Incandescent lamps are filament lamps that generate light by passing current through a tungsten filament, which heats the tungsten to a high temperature that causes it to glow (emit light). The hotter the filament, the higher the color temperature of the light. This method of generating light is inherently inefficient, however, as significantly more heat is generated than light.

The color quality of light generated by a glowing filament is generally quite good, with a smooth spectral power distribution that has increased output with increased wavelength, creating warm light (CCT of approximately 2800 for standard incandescent lamps operated at rated voltage) with high CRI.

Because the filament can become exceedingly bright, some incandescent lamps are frosted to diffuse the emitted light over the surface area of the bulb.

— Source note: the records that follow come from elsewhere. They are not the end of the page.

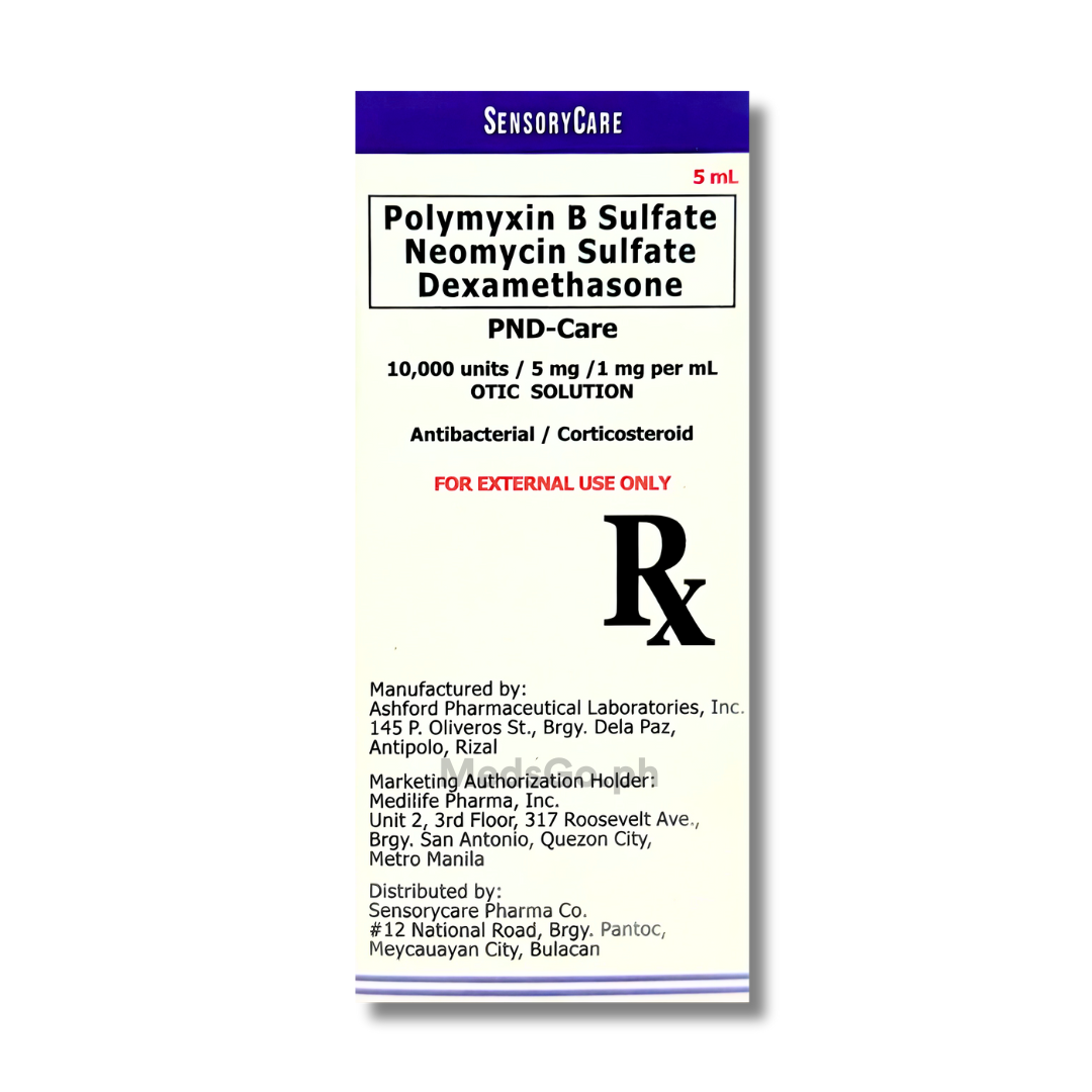 PND-CARE Polymyxin B Sulfate / Neomycin Sulfate / Dexamethasone Ear Drops contains: Polymyxin B Sulfate 10000Units/mL + Neomycin Sulfate 5mg/mL + Dexamethasone 1mg/mL
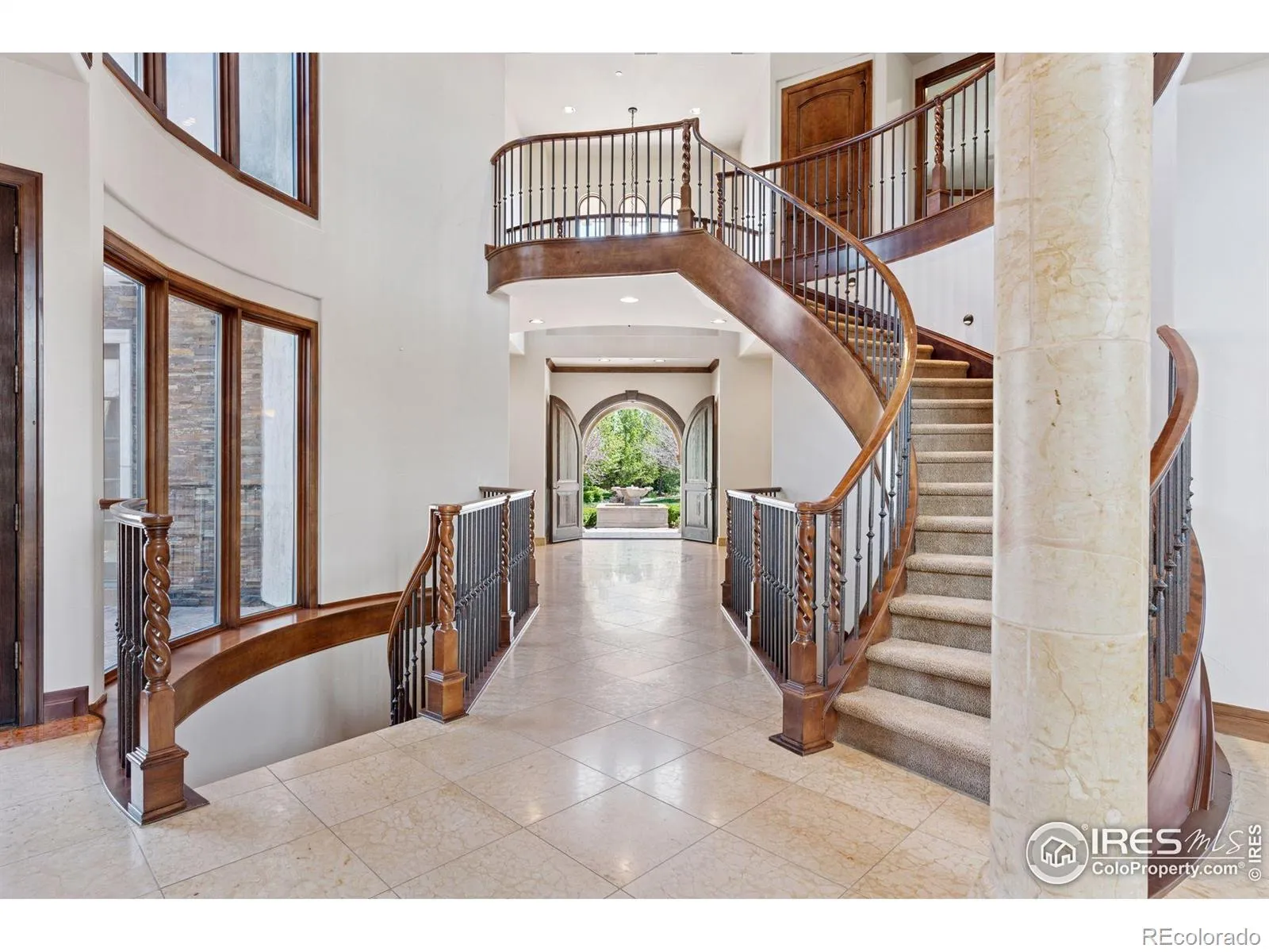 Discover this opulent yet refined architectural masterpiece in the esteemed Legend Ridge community of Niwot that feels like an undiscovered treasure and transports you to five star living every day. This custom home is designed to immerse you in breathtaking views of the spectacular Rocky Mountains and provides the opportunity to embrace a Colorado lifestyle unlike any other. With miles of trails out your door and close proximity to charming downtown Niwot and excellent public and private schools, this one of a kind property is not to be missed. As twilight falls, watch the birds swoop gracefully from arch to arch, moving between flowering trees – a serene backdrop to your evenings. Enjoy a fine Super Tuscan on the covered patio as cyclists and neighbors stroll the wonderful gravel trail with its mountain backdrop on their nightly routines. By sunrise, start your day with a view of the alpenglow touching Long’s Peak, an almost surreal experience framed perfectly by the home’s various viewpoints – courtyards, balconies, and patios.The centerpiece of this home is its stunning three-story curved staircase, topped with an illuminated dome ceiling. Spacious rooms are impeccably detailed with crown moldings, coffered ceilings, and premium designer finishes. The chef’s kitchen flows seamlessly into the great room with soaring ceilings, leading to the covered porch with a Viking gas grill, perfect for entertaining al fresco. The exquisite gardens, complete with water features, are ideal for gatherings under the open sky. The primary suite offers a spa-like bathroom, massive custom closet, sitting area & private balcony facing Long’s Peak. Additional amenities speak to a home that is built for a crowd with plenty of flexibility for multi-generational living – an elevator, 5 en-suite bedrooms, two main floor offices, a high end movie theater, home gym, wine cellar, & six-car heated garage with separate workspace. This exceptional Niwot property offers an unrivaled lifestyle.
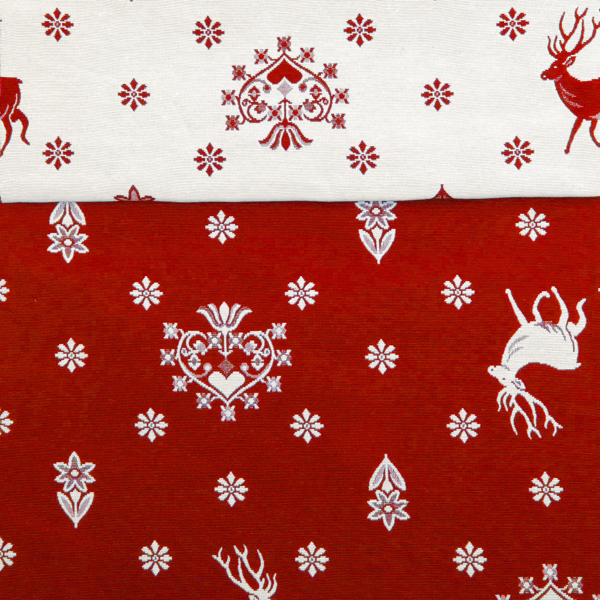Cuscino decorativo in tessuto jacquard, con raffinato motivo montano che unisce cuori, fiordalisi e cervi stilizzati. Un design tradizionale reinterpretato in chiave elegante, ideale per donare calore e stile agli ambienti di montagna o a una casa dal gusto naturale.
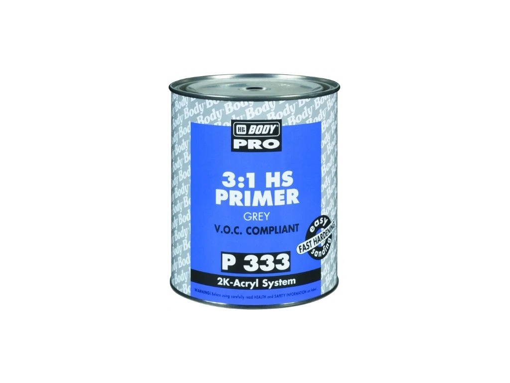 Body pro P333 je vhodný na staré nátěry nebo na nové nebroušené originální náhradní díly (O.E.M. / E-COAT). Plnič můžeme aplikovat dvěma způsoby, a to standartně (po zaschnutí brousit brusným papírem) nebo přímo „mokré do mokrého“. Díky jeho vysoké plnící schopnosti a tixotropnosti ho lze nanášet v silnějších vrstvách. Rychlé schnutí a výborné vyrovnávací schopnosti tohoto materiálu zaručují jeho ekonomické nanášení a rychlé broušení. Tuží se v poměru 3:1 tužidlem BODY HARDENER H725. Jednou z jeho největších výhod je, že je připravený k broušení už po 2 hodinách sušení na vzduchu při 23oC. Použitím urychlovače HB BODY PRO A715 TURBO AX se doba schnutí výrazně zkracuje. Balení : 1lt, 3lt Odstín : bílý, černý, šedýDoplňkové parametry
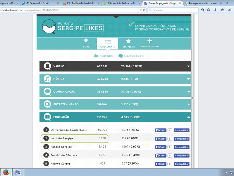 Página do IFS no Facebook é 2ª mais popular no segmento da educação
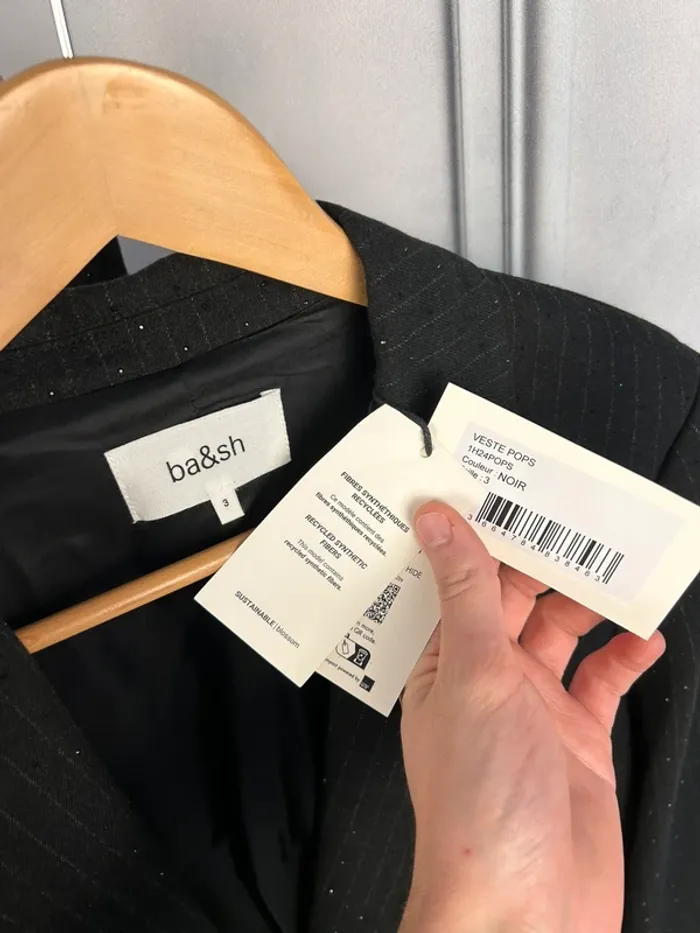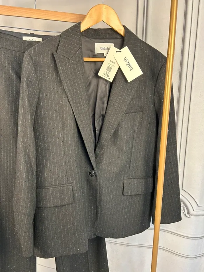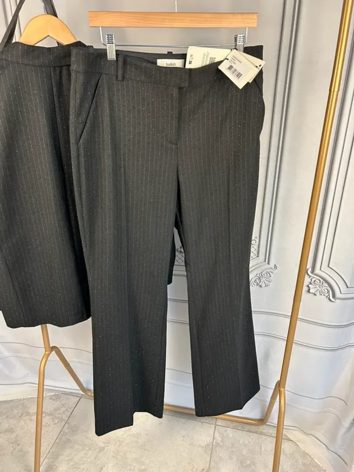 Neuf avec étiquette 🏷️ Magnifique ensemble tailleur pantalon + veste Ba&sh noir avec strass Taille : 3 / 42 Collection récente Prix de l’ensemble neuf : 195€ + 315€ soit 510€
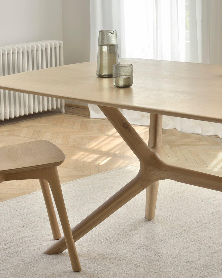 The X Dining Table, designed by the renowned Alain van Havre for Ethnicraft, exemplifies the beauty that lies in complexity refined into simplicity. This piece stands as a testament to advanced woodworking techniques, presenting a structure that is as sturdy as it is intricate. The unique interplay between the distinctively shaped legs and the softly contoured lines of the tabletop not only catches the eye but also ensures an exceptionally comfortable seating experience for guests. The X table is a bold expression of Alain van Havre's signature design ethos, making it a standout piece in any dining space.
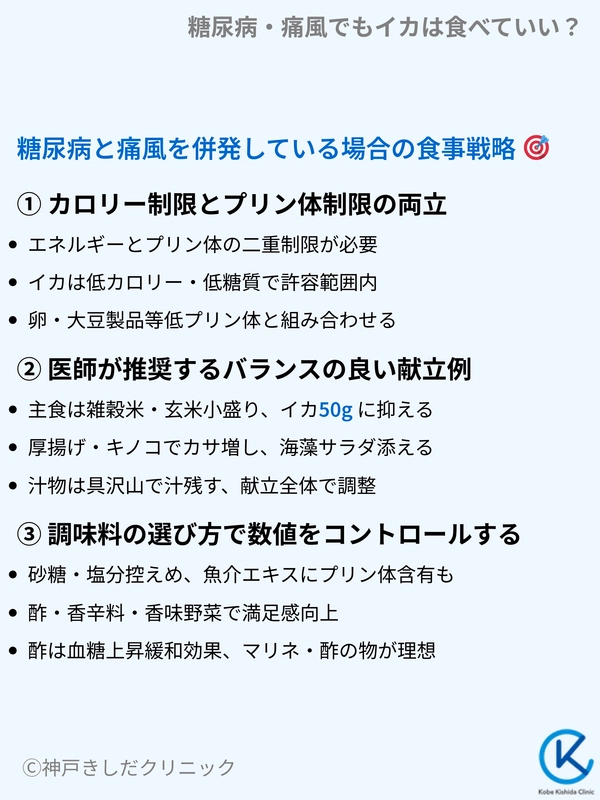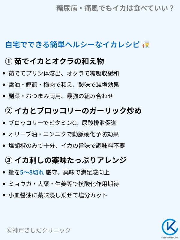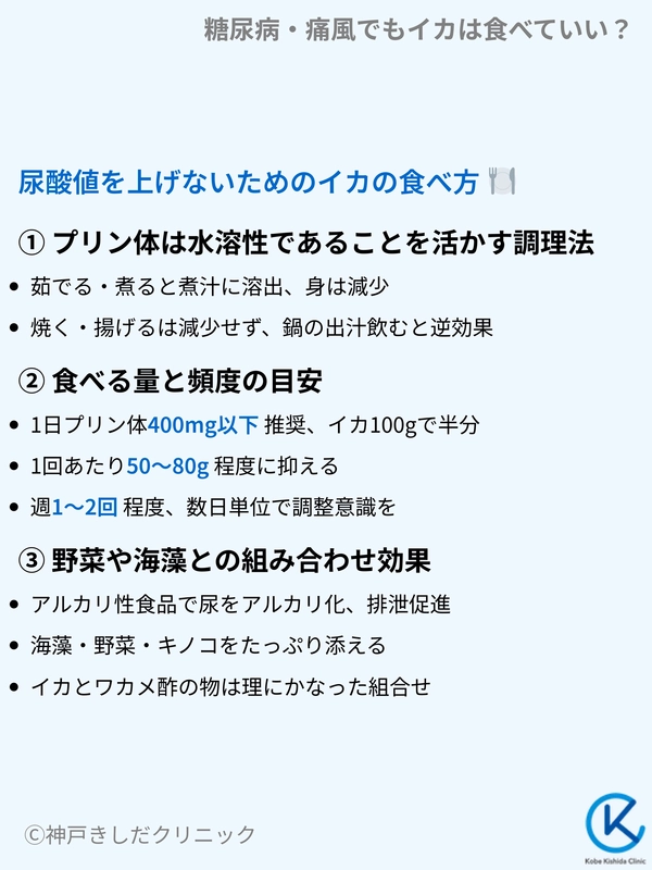 また、毎日連続して食べるのではなく週に1〜2回程度に頻度を抑え、他の食事とのバランスを考えることも大切です。今日はイカを食べたから明日はプリン体の少ない卵料理にするなど、数日単位で調整する意識を持ちましょう。
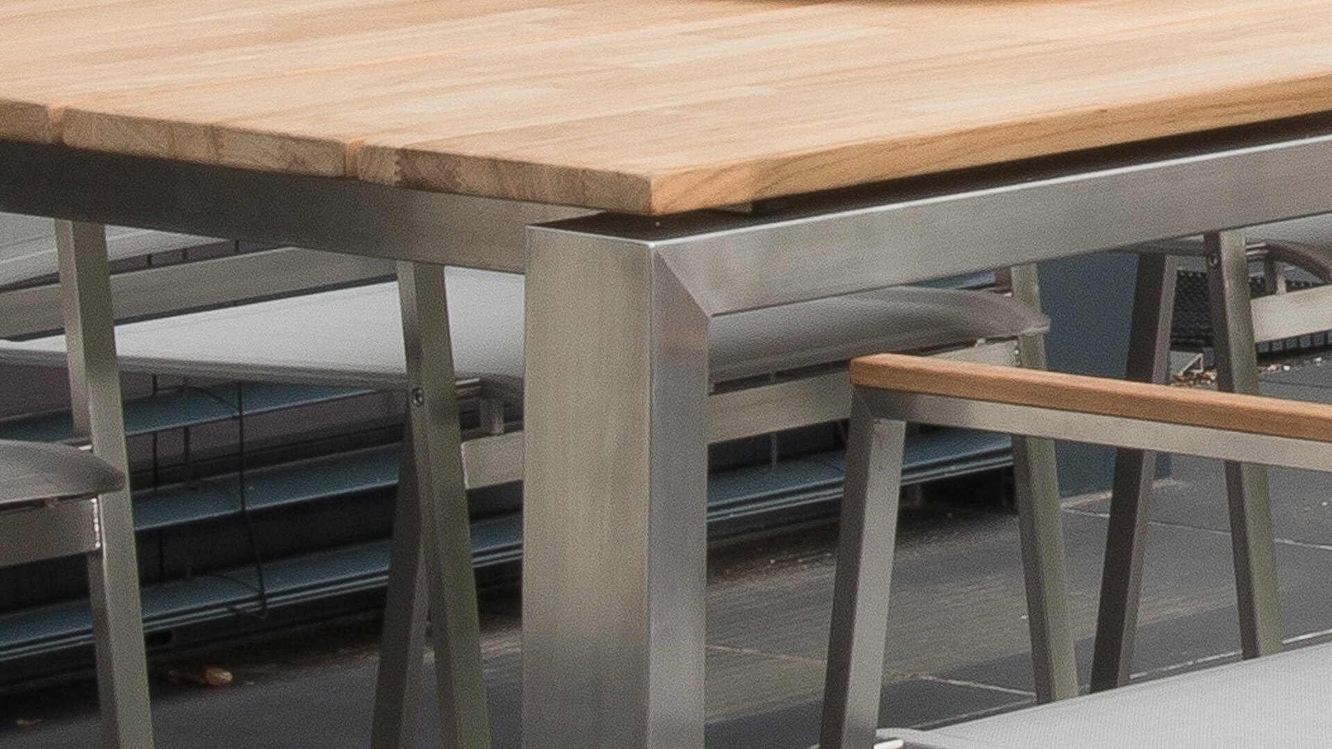 Roestvaststaal, mits goed afgewerkt, heeft een uitzonderlijk lang leven. Hoewel tuinmeubelen van RVS prima van elke gewenste kleur kunnen worden voorzien, is het juist de kleur en uitstraling van het materiaal zelf dat veel mensen aanspreekt. Goed laswerk en de nabehandeling zijn daarvoor wel essentieel en daar kunt u van op aan bij 4 Seasons Outdoor. Het staal is van zichzelf volledig beschermd tegen roest door een ondoordringbaar oxidelaagje.
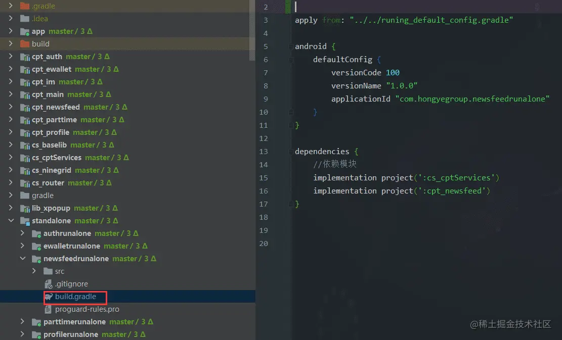 最后,如果NesFeed模块是独立运行的,那么App模块不可能依赖一个Application吧。所以App的Build.gradle中也得修改:
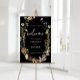 This stylish & elegant wedding welcome poster features gorgeous hand-painted watercolor wildflowers arranged as a lovely wreath that's perfect for spring, summer, or fall weddings. Find matching items in the Moody Black Boho Wildflower Wedding Collection.
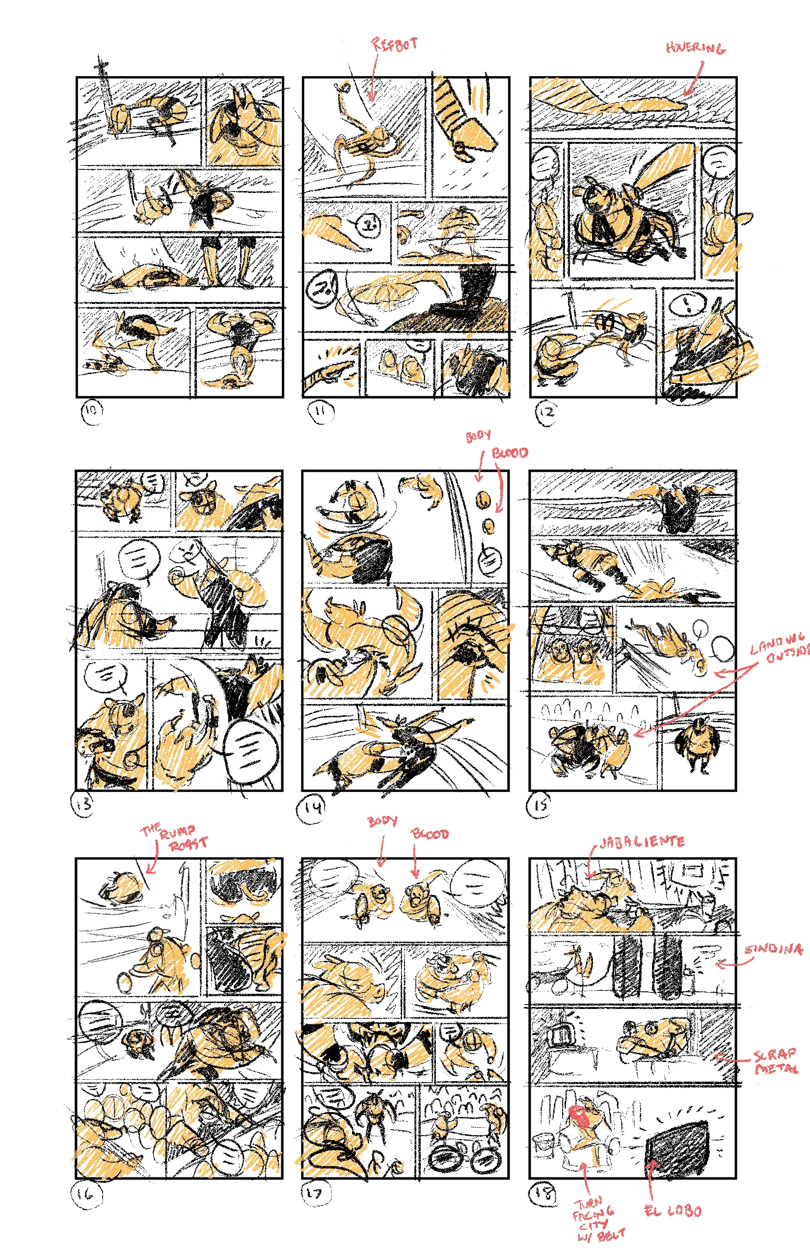 Chorizo has been originally concepted as a comic with intentions of animation, in order to share the story as best as possible with the resources currently available. Here are the layouts and storyboards for the original first issue:
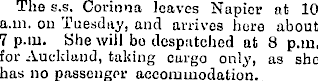 Tho s._s. Corinna leaves Napier at 10 a.m. on Tuesday, and arrives here about 7 p.in. She will bo despatched at 8 p.m. for Auckland, taking cargo only, as she has no passenger accommodation.
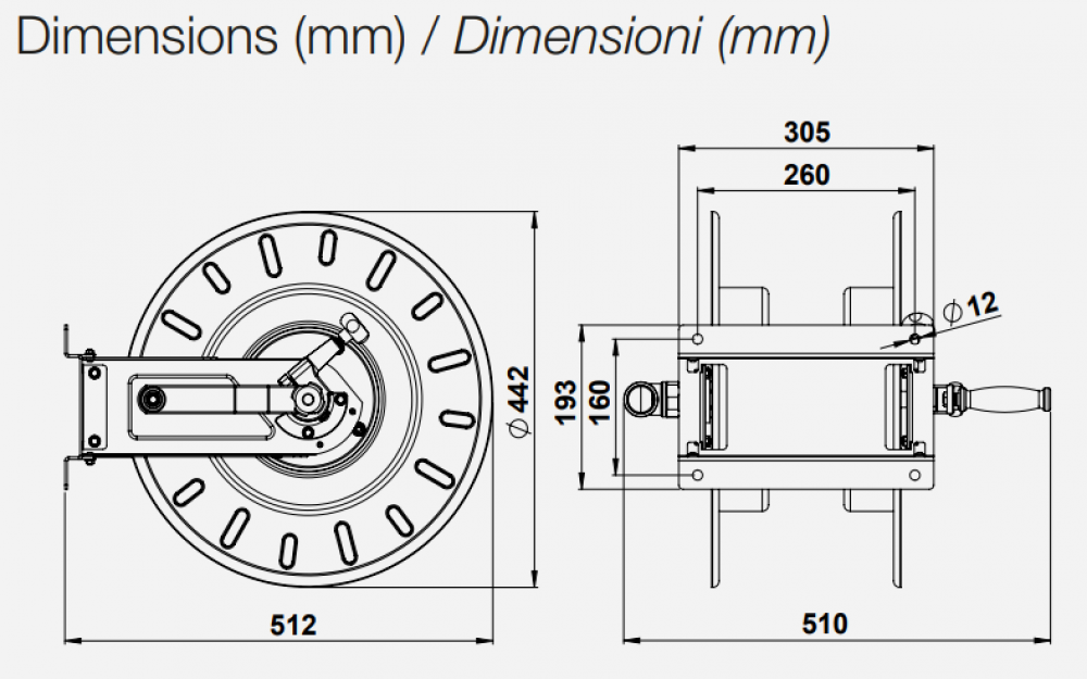 Hose reel without hose. Capacity: 3/4"-1" - Inlet G 1" M - Outlet G 1" M

Clear bulbs permit more optical control, since reflectors and other optical devices can be designed to carefully control light from a small filament.

Both the Energy Policy Act of 1992 (EPACT) and recent legislation (Energy Independence Security Act, 2007) have effectively outlawed a number of commonly used incandescent lamps, with the 2007 legislation outlawing many of the standard lamps used in residences in phases between 2012 and 2014. After these dates, incandescent lamps that are sold in the U.S. will be required to meet specific energy efficiency and lamp life targets. The goal is for consumers to switch to comparable compact fluorescent lamps, which offer significant energy savings. Some incandescent products will be converted to EISA compliant halogen products.

Incandescent lamps are easily dimmed by lowering the supplied voltage to the lamp. Dimming results in a reduction in both efficacy and lamp color temperature.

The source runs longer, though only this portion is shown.